Recently I have been improving my skills in Linear differential equations and I came across a problem with a rather problematic solution.
The problem is as follows: (Already converted from y prime form, I assure without error, I have checked five times)
$D^2+D+1=0$
The solution provided is:
$y = (C_{1}\cos(\frac{\sqrt{3}}{2})x+C_{2}\sin(\frac{\sqrt{3}}{2})x)\cdot e^{-x/2}$
It is clear to me why sin and cos are present, but seems to me this solution implies
$\lambda = a + bi = -\frac{1}{2} + \frac{\sqrt{3}}{2}$
Assuming,
$y_1 = e^{ax}\cos(bx), y_2 = e^{ax}\sin(bx)$.
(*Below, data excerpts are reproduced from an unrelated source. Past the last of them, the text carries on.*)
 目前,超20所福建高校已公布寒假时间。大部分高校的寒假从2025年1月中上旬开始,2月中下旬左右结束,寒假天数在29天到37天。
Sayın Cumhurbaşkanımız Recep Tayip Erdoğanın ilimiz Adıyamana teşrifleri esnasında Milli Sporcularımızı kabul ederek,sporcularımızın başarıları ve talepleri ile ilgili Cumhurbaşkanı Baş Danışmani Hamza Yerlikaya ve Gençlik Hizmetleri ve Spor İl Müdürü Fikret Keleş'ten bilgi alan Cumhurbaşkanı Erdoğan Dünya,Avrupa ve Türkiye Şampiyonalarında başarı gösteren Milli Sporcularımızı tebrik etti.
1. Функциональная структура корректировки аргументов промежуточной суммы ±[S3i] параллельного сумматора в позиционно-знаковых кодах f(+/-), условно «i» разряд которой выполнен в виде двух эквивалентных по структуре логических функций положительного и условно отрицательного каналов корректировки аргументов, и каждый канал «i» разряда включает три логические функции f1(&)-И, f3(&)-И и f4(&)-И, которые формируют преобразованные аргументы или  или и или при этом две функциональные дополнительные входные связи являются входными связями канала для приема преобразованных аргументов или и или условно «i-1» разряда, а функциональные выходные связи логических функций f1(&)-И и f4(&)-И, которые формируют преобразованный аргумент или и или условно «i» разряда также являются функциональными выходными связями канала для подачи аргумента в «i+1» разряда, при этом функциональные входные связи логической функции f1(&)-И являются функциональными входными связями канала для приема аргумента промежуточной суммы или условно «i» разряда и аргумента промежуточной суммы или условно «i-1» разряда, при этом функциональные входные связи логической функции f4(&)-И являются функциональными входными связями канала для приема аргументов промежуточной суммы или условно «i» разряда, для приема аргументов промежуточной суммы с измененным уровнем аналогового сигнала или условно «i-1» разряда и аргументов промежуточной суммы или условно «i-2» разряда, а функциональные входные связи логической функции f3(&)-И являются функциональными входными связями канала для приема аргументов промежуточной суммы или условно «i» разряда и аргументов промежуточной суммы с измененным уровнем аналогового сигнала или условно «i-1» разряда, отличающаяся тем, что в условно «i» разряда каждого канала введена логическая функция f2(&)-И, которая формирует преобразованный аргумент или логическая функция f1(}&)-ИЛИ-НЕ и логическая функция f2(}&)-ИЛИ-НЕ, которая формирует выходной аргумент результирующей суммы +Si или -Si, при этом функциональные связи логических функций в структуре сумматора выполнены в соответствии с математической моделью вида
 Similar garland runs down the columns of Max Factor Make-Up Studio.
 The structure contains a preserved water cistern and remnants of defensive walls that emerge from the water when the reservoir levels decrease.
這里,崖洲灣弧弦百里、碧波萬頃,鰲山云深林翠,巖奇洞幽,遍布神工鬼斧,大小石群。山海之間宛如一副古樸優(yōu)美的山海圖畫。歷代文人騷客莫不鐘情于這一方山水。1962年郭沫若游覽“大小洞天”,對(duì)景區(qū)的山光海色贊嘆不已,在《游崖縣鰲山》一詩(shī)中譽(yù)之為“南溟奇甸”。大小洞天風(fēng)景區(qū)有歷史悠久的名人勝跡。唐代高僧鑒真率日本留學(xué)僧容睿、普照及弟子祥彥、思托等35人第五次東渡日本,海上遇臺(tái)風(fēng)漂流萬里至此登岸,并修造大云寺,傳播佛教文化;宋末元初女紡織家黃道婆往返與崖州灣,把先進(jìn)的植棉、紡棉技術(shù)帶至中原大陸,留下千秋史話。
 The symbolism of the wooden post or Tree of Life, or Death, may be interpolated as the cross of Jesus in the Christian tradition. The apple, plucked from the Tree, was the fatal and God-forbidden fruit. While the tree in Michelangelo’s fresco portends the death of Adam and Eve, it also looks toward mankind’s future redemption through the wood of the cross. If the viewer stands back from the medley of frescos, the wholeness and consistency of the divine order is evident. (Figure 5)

I attempted a solution using the result obtained from the answers provided (and I believe it is not a typo as there are similar problems with similar solutions in the text I am using). The issue that I have run against is that upon attempting the imaginary factorization I cannot obtain a similar solution.
$D^2+D+1=0$
$(D+[-\frac{1}{2} + \frac{\sqrt{3}}{2}i])^2 = 0$
$D^2 - D + \sqrt{3} D i - \frac{1}{2} - \frac{\sqrt{3}}{2} = 0$
As is written, the expansion that I perform results in an expression different from the original. I assume I am making an error somewhere but I can't seem to find it and I've spent quite some time trying to figure out why.
I am sure it is some simple error that I have made and I would be extremely grateful if someone would be willing to take the time to point it out.
Thank You,
David